**Your assignment**:
Look below for the line with "Summer is a". Retype it and every line after it to the end, exactly, but leave out the pictures.

------ Extracted data

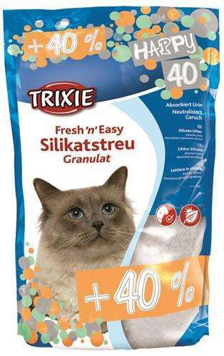 Ściółka silikonowa dla kota, która pochłania mocz i neutralizuje zapach. Prosty w stosowaniu, naturalny, nietrujący, zwalczający bakterie, przyjazny dla środowiska, przyjemny lekki, oszczędny, niepylący i tym samym nadający się dla alergików. Dzięki wielu małym otworom w żwirku, ciecz może zostać wchłonięta w ciągu kilku sekund. Cząsteczki zapachowe pozostają w ziarnach, a ciecz wyparowuje. Żwirek Trixie Fresh 'n' Easy jest wyjątkowo chłonny i neutralizuje zapach w parę sekund. Utrzymuje kuwetę w czystości i świeżości przez okres do miesiąca.
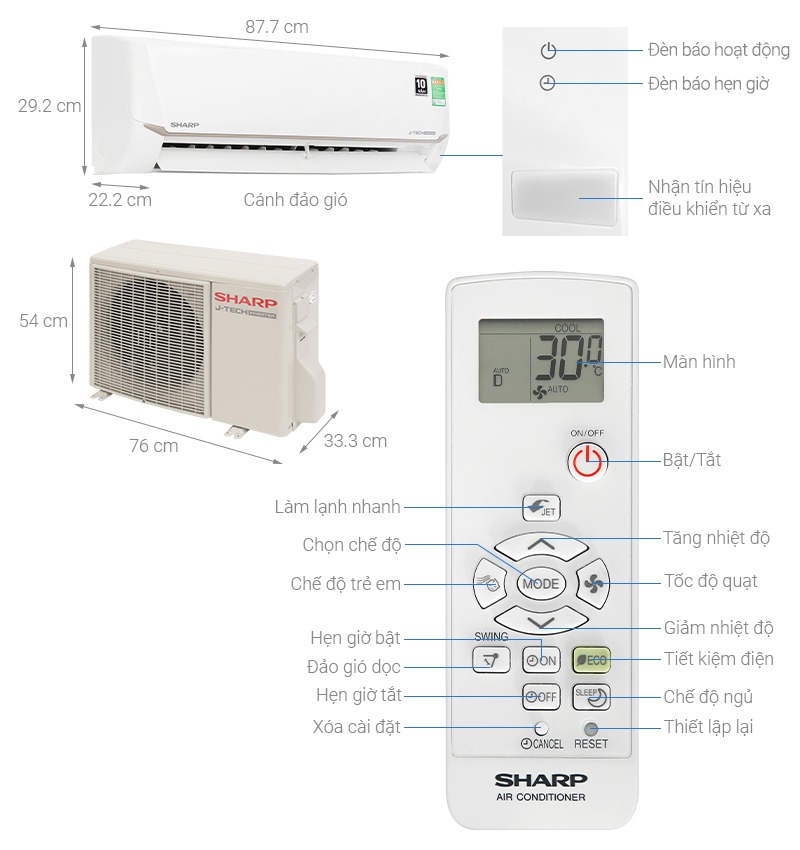 - Máy lạnh Sharp có 7 tính năng bảo vệ
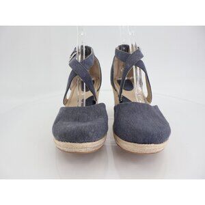 BOC Born Shoes Womens 8 M Bree Cross Ankle Strap Wedge Espadrille Blue Fabric
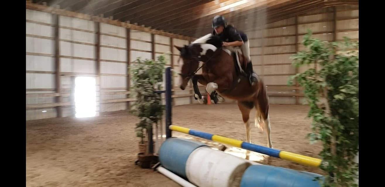 Summer is a 2018 OTTB gelding who completed retraining program in 2024 and was recently adopted to be a Hunter Jumper.
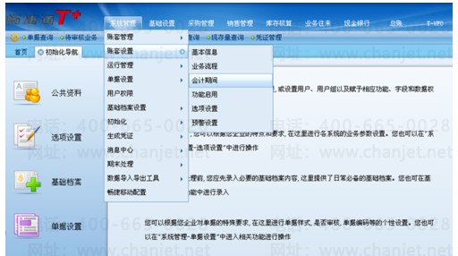 登陆软件,点击【系统管理】》【账套设置】》【会计期间】
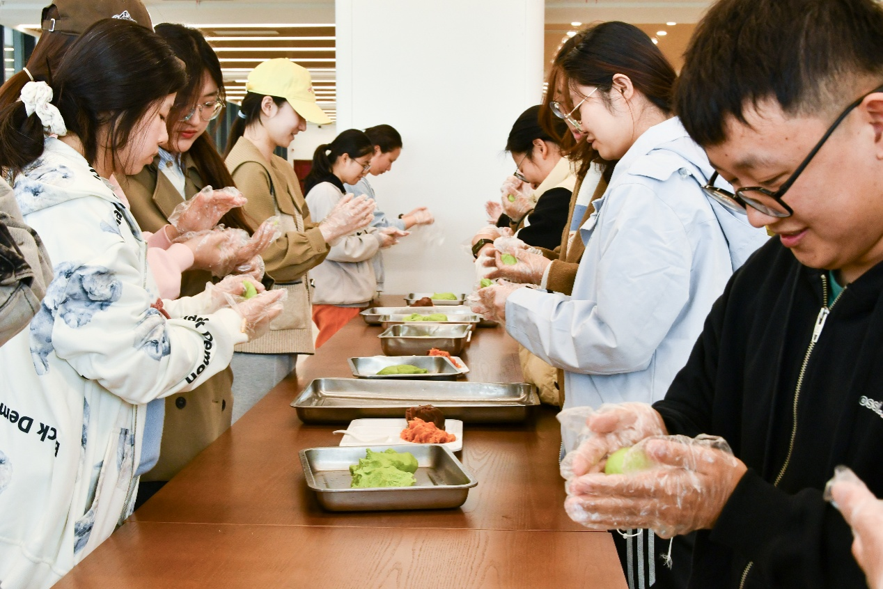 制作过程中,大家相互交流、相互学习,欢声笑语回荡在食堂里。从一开始的手忙脚乱,到后来的熟练自如,同学们在体会到了动手的无穷乐趣的同时,也感受到了其中蕴含的文化魅力。
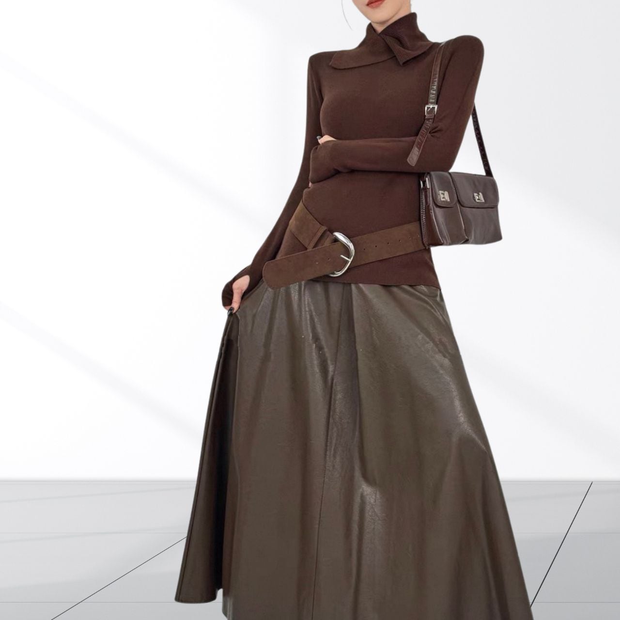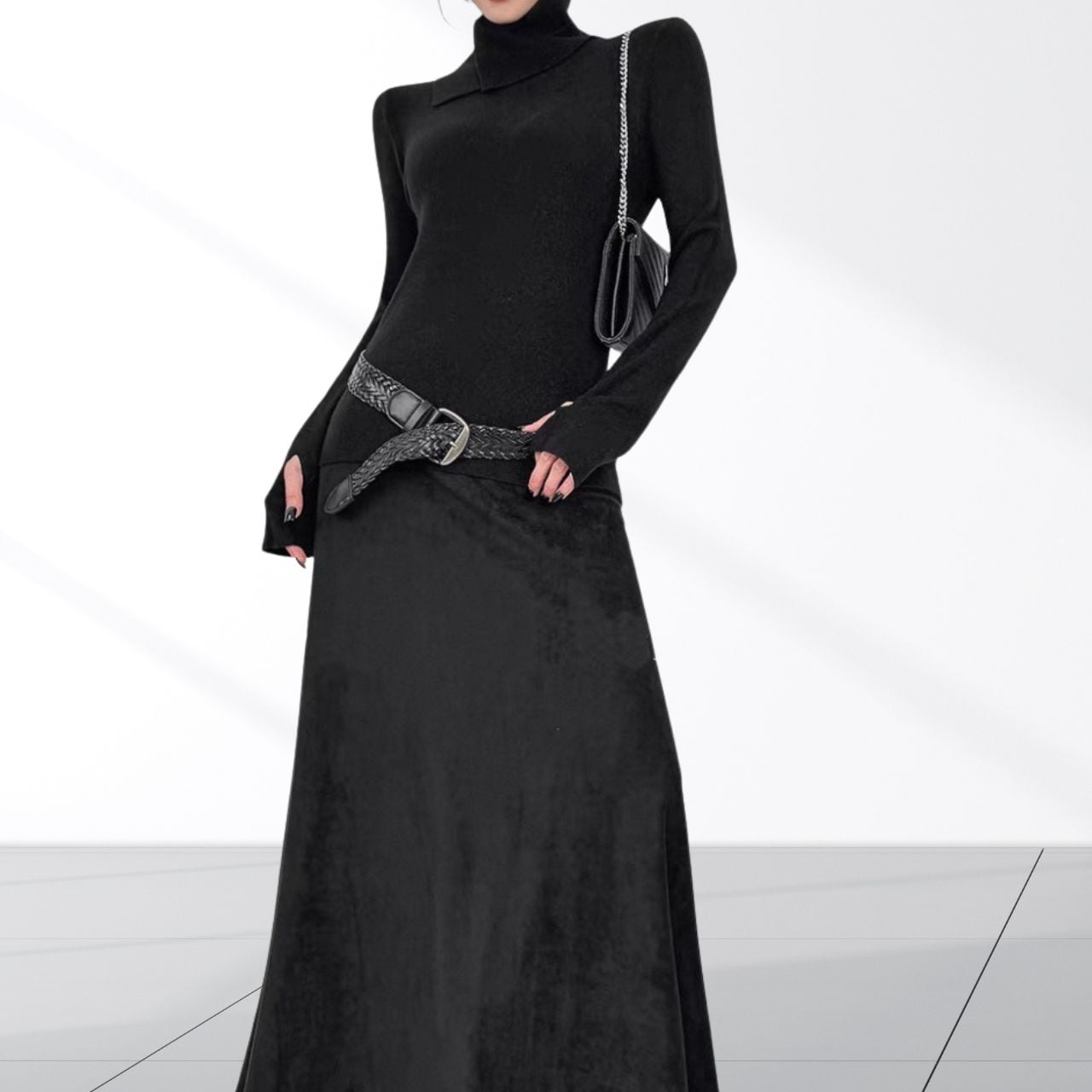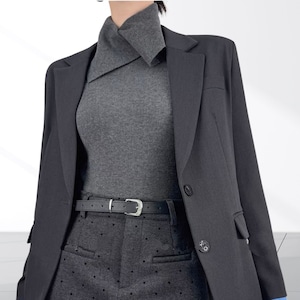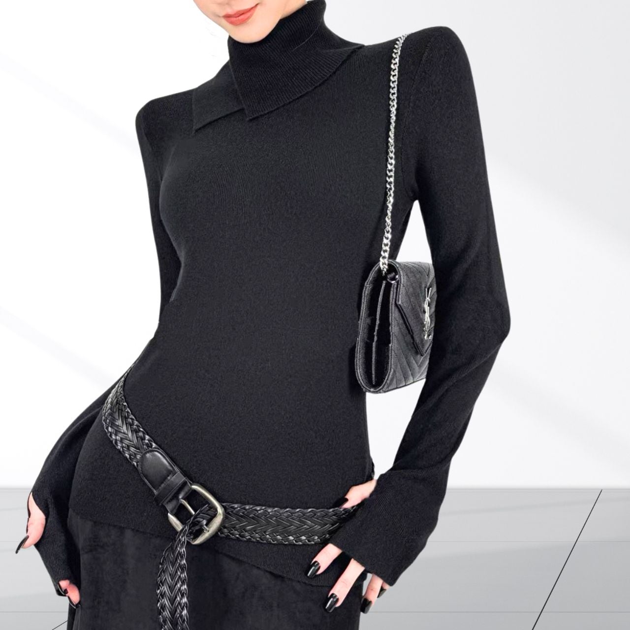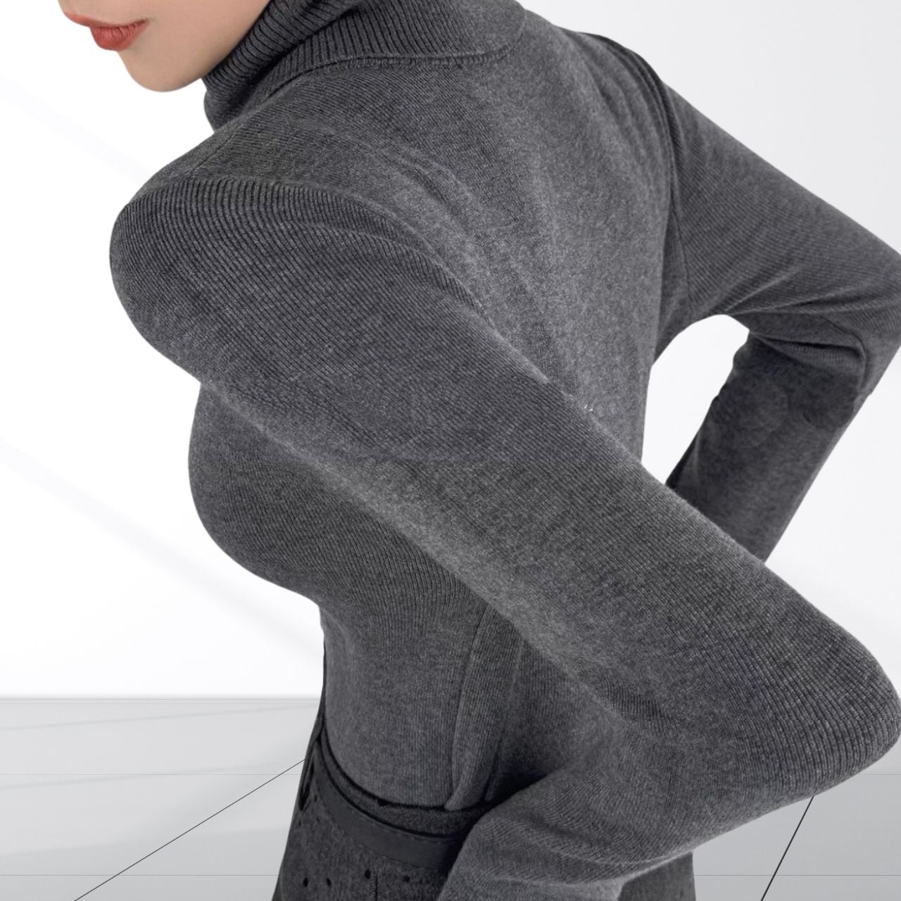 立体的なネックデザインが首元にアクセントを加えるニットトップス。袖口には指穴を備え手の甲までしっかりカバー。デザイン性と防寒性を兼ね備え、首まわりと手元を同時に暖かく保てるのがポイント。
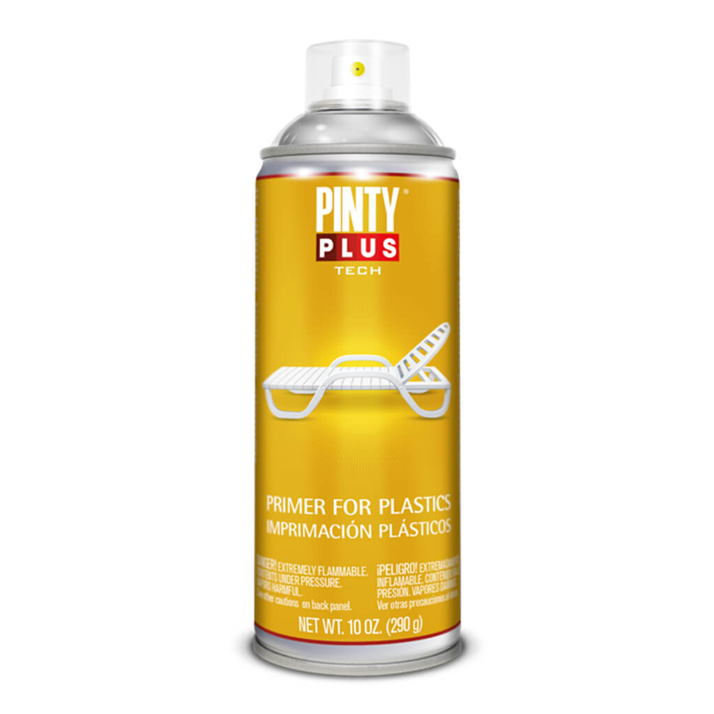 Imprimación en spray incolora para plásticos de Pintyplus Tech. Aumenta el poder de anclaje de la superficie a pintar. Idóneo sobre plástico rígido o con cierta flexibilidad.

------------

**Result for this task**:
 Summer is a 2018 OTTB gelding who completed retraining program in 2024 and was recently adopted to be a Hunter Jumper.
 登陆软件,点击【系统管理】》【账套设置】》【会计期间】
 制作过程中,大家相互交流、相互学习,欢声笑语回荡在食堂里。从一开始的手忙脚乱,到后来的熟练自如,同学们在体会到了动手的无穷乐趣的同时,也感受到了其中蕴含的文化魅力。
 立体的なネックデザインが首元にアクセントを加えるニットトップス。袖口には指穴を備え手の甲までしっかりカバー。デザイン性と防寒性を兼ね備え、首まわりと手元を同時に暖かく保てるのがポイント。
 Imprimación en spray incolora para plásticos de Pintyplus Tech. Aumenta el poder de anclaje de la superficie a pintar. Idóneo sobre plástico rígido o con cierta flexibilidad.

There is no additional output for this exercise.